Она лежала под капельницами и проводами. Маленькая, беззащитная, лишённая своей привычной маски из макияжа.
Её взгляд сразу нашёл меня среди остальных.
Губы еле шевелились:
— Ненавижу… — прохрипела она, не отрываясь от меня глазами.
В её взгляде плескалась ненависть.
— Ненавижу тебя… змея!
Это оказались её последние слова.
Через час её не стало.
Похороны прошли тяжело. Мирослав и Владислав со мной даже не поздоровались. Богдан держался рядом всё время, крепко сжимая мою ладонь.
На девятый день мы собрались в её квартире. Всё тот же запах пудры теперь смешивался с ароматом пыли и старого нафталина.
Уставший нотариус (давний знакомый семьи, которого пригласил Мирослав) устроился в кресле покойной. Его присутствие было скорее формальностью: все «знали», кому бы Татьяна оставила имущество при жизни.
Злата с Вероникой уже мысленно делили фарфор и хрусталь между собой.
Нотариус прокашлялся и разложил бумаги:
— Итак, завещание Татьяны…
Мирослав кивнул. Владислав поправил очки на носу.
— Хочу сразу отметить… — начал нотариус, поднимая взгляд от документов. — Завещание новое. Составлено буквально несколько дней назад… вот дата: прошлая неделя…
Братья переглянулись со своими жёнами; тревога мелькнула у всех четверых во взглядах.

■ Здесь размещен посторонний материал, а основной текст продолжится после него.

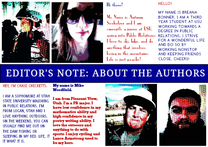 MY NAME IS BREANA BONNER. I AM A THIRD YEAR STUDENT AT USU WORKING TOWARDS A DEGREE IN PUBLIC RELATIONS. I STRIVE FOR A WONDERFUL LIFE AND DO SO BY WORKING NONSTOP AND KEEPING FRIENDS CLOSE. CHEERS!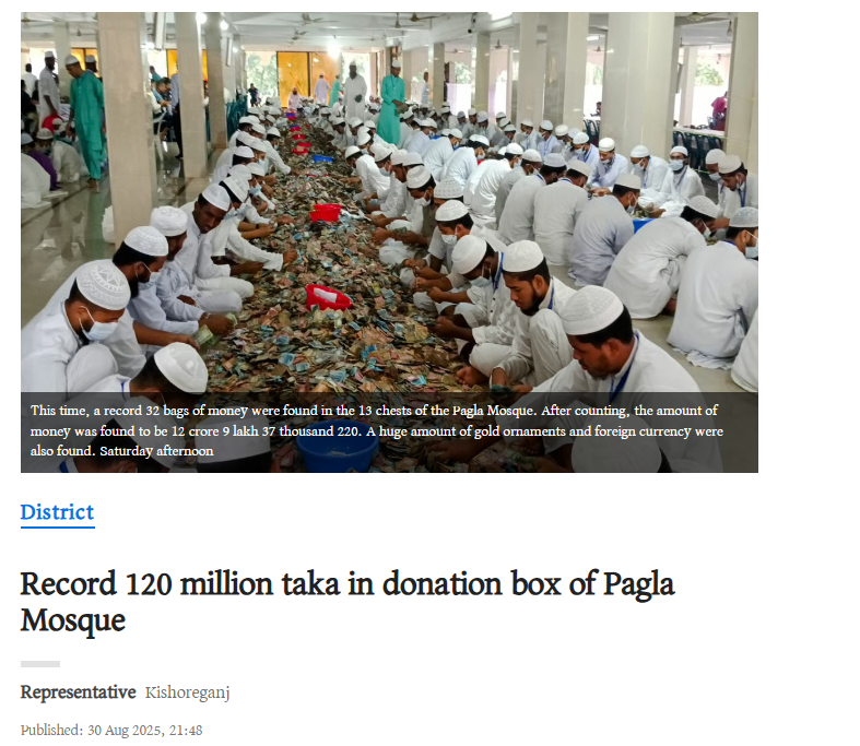 रिपोर्ट में बताया गया था कि 30 अगस्त को किशोरीगंज के पगला मस्जिद के डोनेशन बॉक्स को खोला गया था. डोनेशन बॉक्स को उपायुक्त एवं मस्जिद कमेटी की अध्यक्ष फौजिया खान, पुलिस अधीक्षक मोहम्मद हसन चौधरी और अतिरिक्त जिला मजिस्ट्रेट इर्शादुल अहमद की मौजूदगी में खोला गया था. इस दौरान उपायुक्त फौजिया खान ने कहा कि इन पैसों को बैंक में जमा कर दिया गया है और ये मस्जिद, मदरसा और स्वास्थ्य सुविधाओं से जुड़े कार्यों में खर्च किए जाएंगे.

— «Всё моё движимое и недвижимое имущество, включая квартиру по адресу…, загородный дом в… а также все денежные средства на счетах…»
Он сделал паузу. Злата подалась вперёд всем телом:
— «…Я, находясь в здравом уме и твёрдой памяти, завещаю Лесе».
Наступила не тишина — будто весь звук исчез из комнаты разом.
Мне показалось сначала: ослышалась?
Злата издала какой-то странный сиплый звук горлом:
— Что?
— Как фамилия?! — пробормотал Владислав растерянно.
— Леся Дмитриевна… — уточнил нотариус после паузы и посмотрел поверх очков прямо мне в глаза. — Это вы?
— Я?! — я вскочила с места. — Нет! Это ошибка! Такого быть не может!
Мирослав выхватил листок у него из рук и уставился на текст так пристально, будто хотел прожечь бумагу взглядом.
Его лицо налилось краской гнева:
— Ты! Ты её околдовала! Мошенница!
Вероника взвизгнула:
— Подделка! Этого просто не может быть! Она же тебя ненавидела! Она ведь сказала…
Олег перебил её резко:
— Там ещё что-то написано! Читайте дальше!
Нотариус перевернул страницу с заметным вздохом усталости:
— Здесь есть приписка от руки самой Татьяны… Заверена официально…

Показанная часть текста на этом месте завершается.